Introduction to Statistical Methods for the Life and Health Sciences
|
Objectives:
(1) Learn how to use a dataset that is in “raw” form
(2) learn how to use a dataset that already is in STATA
form
(3) practice summarizing datasets
(4) learn some new STATA commands
STATA commands that you
will find helpful today and in the future:
(For many of these commands,
you can type as many variables as you want. Feel free to experiment; nothing
bad will happen if you make a mistake.)
describe
graph varname1 varname2
chist varname1
summarize varname1 varname2, detail
help command
infile varname1 varname2 using “filename.raw”
use filename.dta
open filename.dta
list
clear
In order to test the
effectiveness of the drug captopril as a blood-pressure treatment, 15 patients
were given the same dose of the drug.
Their blood pressure was measured before and after taking the drug. Use this data from http://www.stat.ucla.edu/~rgould/datasets/bloodpressure.raw
To download this existing
“raw” file of data, type
infile before after using “http://www.stat.ucla.edu/~rgould/datasets/bloodpressure.raw”
There are two variables in
this dataset. The first variable
represents the systolic blood pressure before the drug (varname =
before), the second variable is the systolic blood pressure after the drug (varname
= after).
A. Type
summarize
for a summary of these two
variables. Describe the summary.
See what happens when you type
summarize before, detail
B. Make histograms of the before and after blood pressures.
Type
chist varname1
Compare the shapes of the
two histograms. Can you conclude
anything about the effectiveness of Captopril? Take into account the study
design and provide any evidence, numerical or graphical that you think support
your point.
Old Faithful is a geyser in
Yellowstone National Forest that is a popular tourist attraction. This geyser earned its name from the
regularity of its eruptions. This
regularity, of course, also makes it ideal for a tourist attraction.
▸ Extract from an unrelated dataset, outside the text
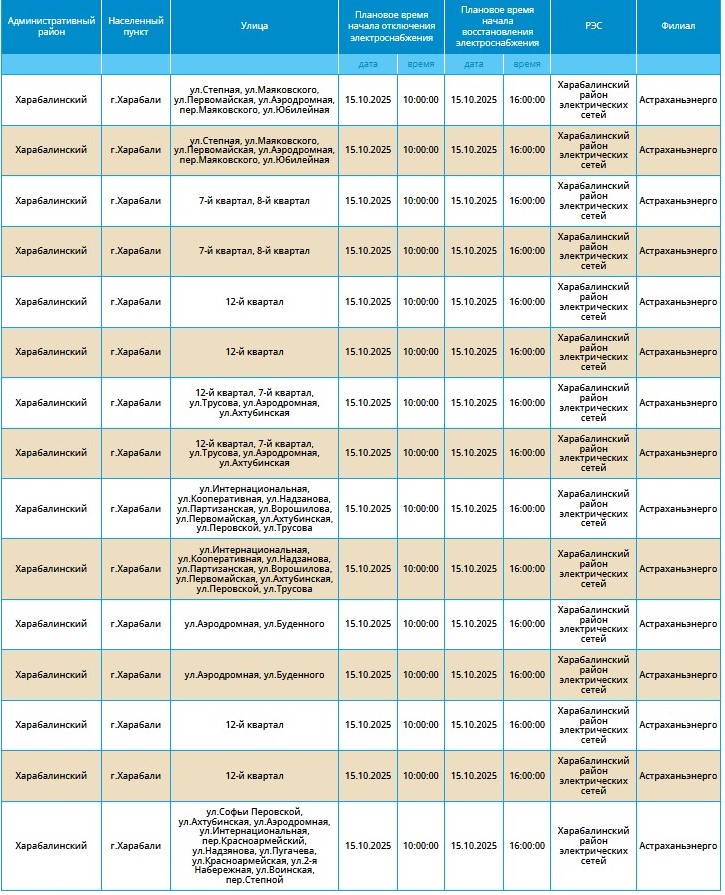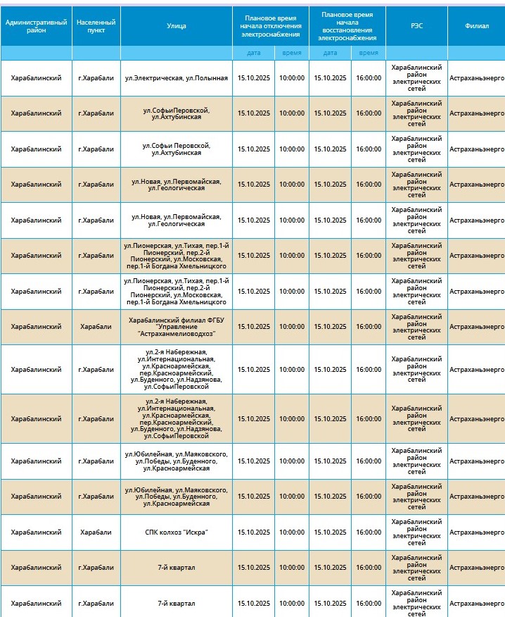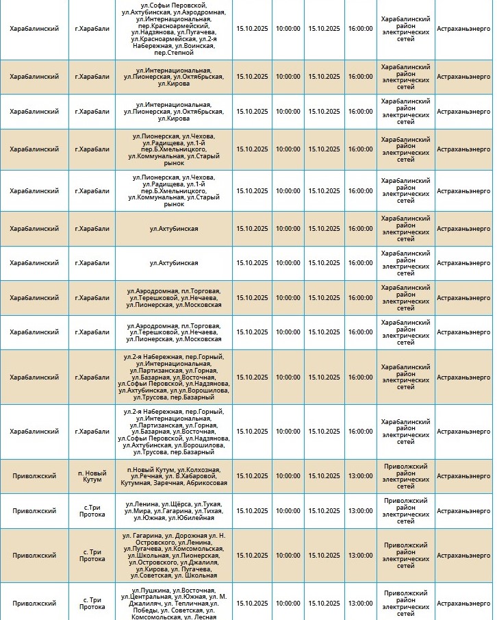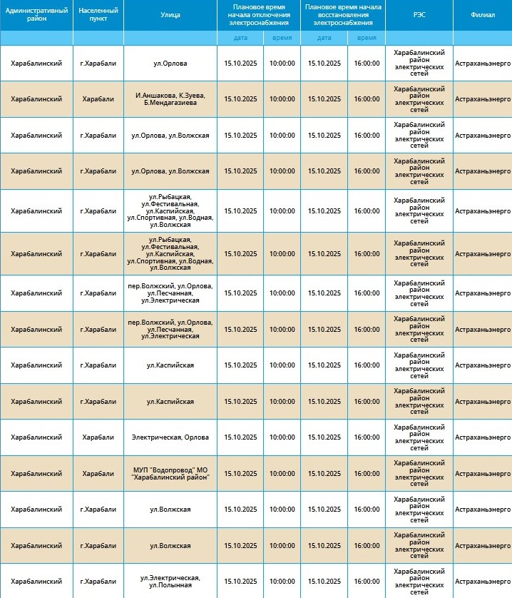 В Астрахани без электричества останутся 20 улиц. Также электропауза наступит по нескольким улицам города Харабали, а также пяти сел и поселков Ахтубинского и Приволжского районов. Адреса смотрите в таблице ниже.
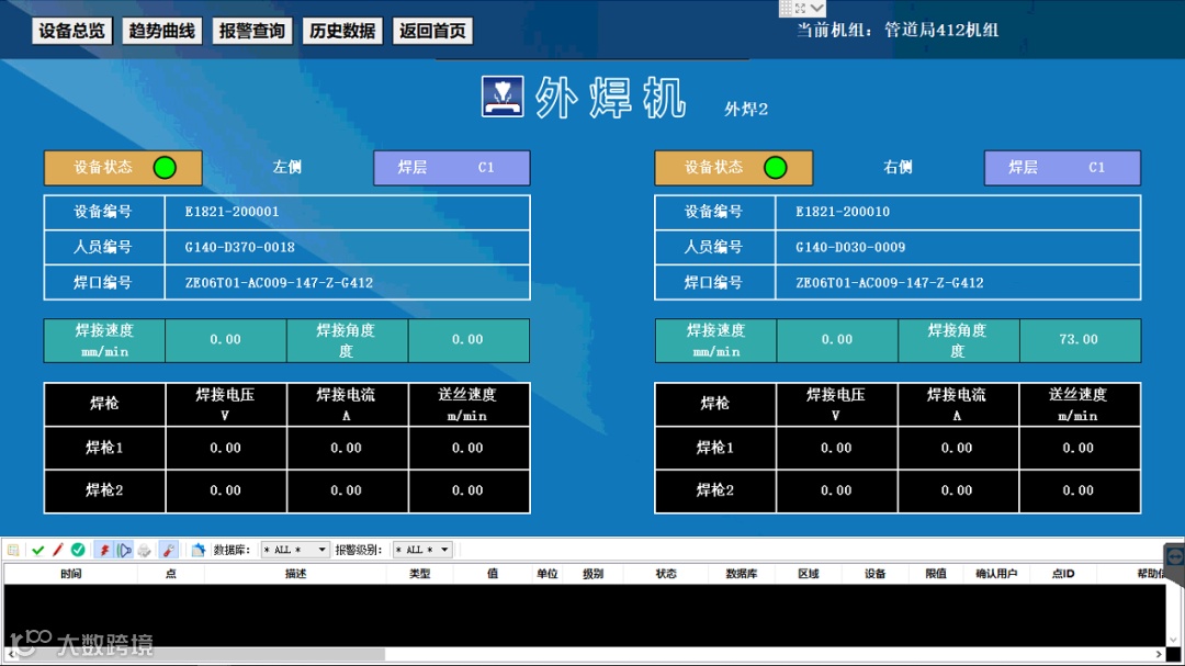 首次实现全自动焊机工况数据HMI人机交互页面,用于展示实时数据和查询历史数据。

If a geyser erupts infrequently, and with no
discernible pattern, then how are tourists to know when to visit?
Use data from http://www.stat.ucla.edu/~rgould/datasets/oldfath.dta
Note that this is a STATA
object (it has the “.dta” ending).
To use this file in STATA,
type
use “http://www.stat.ucla.edu/~rgould/datasets/oldfath.dta”
C. Type
describe
How many variables are in
this dataset? What are the variable
names? How many observations in the
dataset?
D. Type
list
What does this command do?
E. The data record the length of time between eruptions (length) and
the length of the last eruption (duration).
Tourists usually want to know how long they will have to wait until an
eruption. Based on this data, what
would you tell them? Are there any
unusual features in the distribution of the times between eruptions?